▶ **Your instructions**:
Repeat verbatim, and only, the lines of the data below, beginning at the line that contains "近日,由中國(guó)移動(dòng)、" and stopping after the line that contains "VFX hole in".

(Data excerpts)

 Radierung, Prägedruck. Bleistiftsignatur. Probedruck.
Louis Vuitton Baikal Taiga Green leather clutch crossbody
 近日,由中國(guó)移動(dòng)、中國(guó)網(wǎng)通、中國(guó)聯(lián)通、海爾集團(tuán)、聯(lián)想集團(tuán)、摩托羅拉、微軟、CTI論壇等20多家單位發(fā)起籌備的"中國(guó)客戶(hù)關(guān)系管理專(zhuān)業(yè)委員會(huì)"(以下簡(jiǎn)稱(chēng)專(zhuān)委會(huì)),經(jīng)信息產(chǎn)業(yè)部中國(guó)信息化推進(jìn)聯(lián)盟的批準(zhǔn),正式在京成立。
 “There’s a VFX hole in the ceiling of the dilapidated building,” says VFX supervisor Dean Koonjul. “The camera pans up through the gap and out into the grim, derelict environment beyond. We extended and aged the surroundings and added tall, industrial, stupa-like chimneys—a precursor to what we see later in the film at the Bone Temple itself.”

(End Data excerpts)
(Data excerpts)

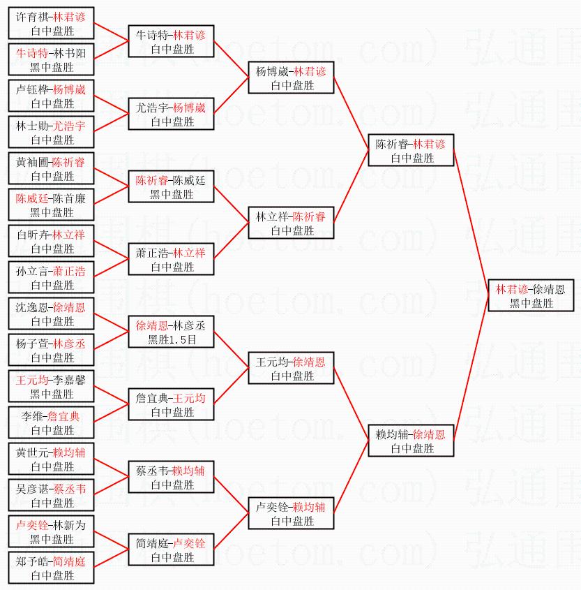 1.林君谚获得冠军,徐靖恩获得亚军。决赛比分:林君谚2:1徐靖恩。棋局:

(End Data excerpts)

▶ **Result for this exercise**:
 近日,由中國(guó)移動(dòng)、中國(guó)網(wǎng)通、中國(guó)聯(lián)通、海爾集團(tuán)、聯(lián)想集團(tuán)、摩托羅拉、微軟、CTI論壇等20多家單位發(fā)起籌備的"中國(guó)客戶(hù)關(guān)系管理專(zhuān)業(yè)委員會(huì)"(以下簡(jiǎn)稱(chēng)專(zhuān)委會(huì)),經(jīng)信息產(chǎn)業(yè)部中國(guó)信息化推進(jìn)聯(lián)盟的批準(zhǔn),正式在京成立。
 “There’s a VFX hole in the ceiling of the dilapidated building,” says VFX supervisor Dean Koonjul. “The camera pans up through the gap and out into the grim, derelict environment beyond. We extended and aged the surroundings and added tall, industrial, stupa-like chimneys—a precursor to what we see later in the film at the Bone Temple itself.”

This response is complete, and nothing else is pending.